Жила-была девушка, звали ее Ханако. Однажды она увидела возле дома удивительную бабочку - с переливающимися, светящимися крылышками цвета глицинии. Вместо того, чтобы сфоткать необычное насекомое на мобильник и пойти в клуб на день рождения подруги, Ханако отправилась следом за бабочкой, которая завела девушку в темный-претемный лес. Там-то юная красавица и встретила злобного они, который пожелал взять Ханако в жены, а, получив отказ, превратил девушку в страшную старуху Ямаубу.
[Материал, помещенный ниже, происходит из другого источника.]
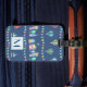 Whimsical illustrated pattern of a cheerful village decorated with bunting for a summer gala with colorful sailboats and hot air balloons. Personalized luggage tag. (see matching passport holder)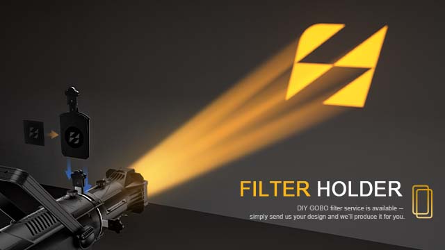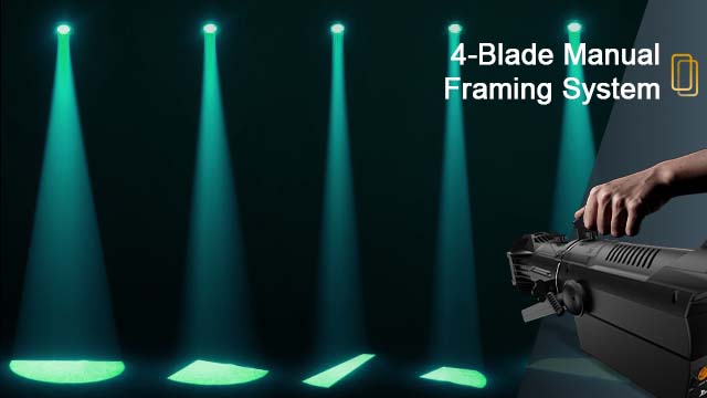 Designed for versatility, the unit features a manual 4-blade framing system to shape light spots, plus a filter holder for gobos, frost, or color filters.

Ханако предстоит пережить немало приключений, избежать многих опасностей, встретить добрых и злых людей, демонов и существ, отыскать волшебный артефакт, который поможет ей избавиться от проклятия.
Обычная комиксовая история, Микки мне часто такие присылает: последние годы в моде всё японское, а наша компания старается быть в тренде.
Тексты реплик я прочитал, с пожеланиями автора по иллюстрациям ознакомился.
Но как же трудно – уже который день – собраться с мыслями, сесть за компьютер и начать рисовать. Конечно, времени еще достаточно, но я не люблю затягивать работу до последнего.
Я знаю, в чем проблема. Это первый «японский» комикс, который мне предстоит рисовать одному. Будь здесь Кумико, она рассказала бы мне все легенды о Ямаубе, заварила крепкого чая, а сама уселась на диванчике с книгой - и сидела бы тихо-тихо, бесшумно переворачивая страницы, словно и не дыша, - так, как только она умела сидеть. Я бы рисовал, Кумико читала, а наш сынишка, наигравшись, наверняка уснул бы прямо на ковре.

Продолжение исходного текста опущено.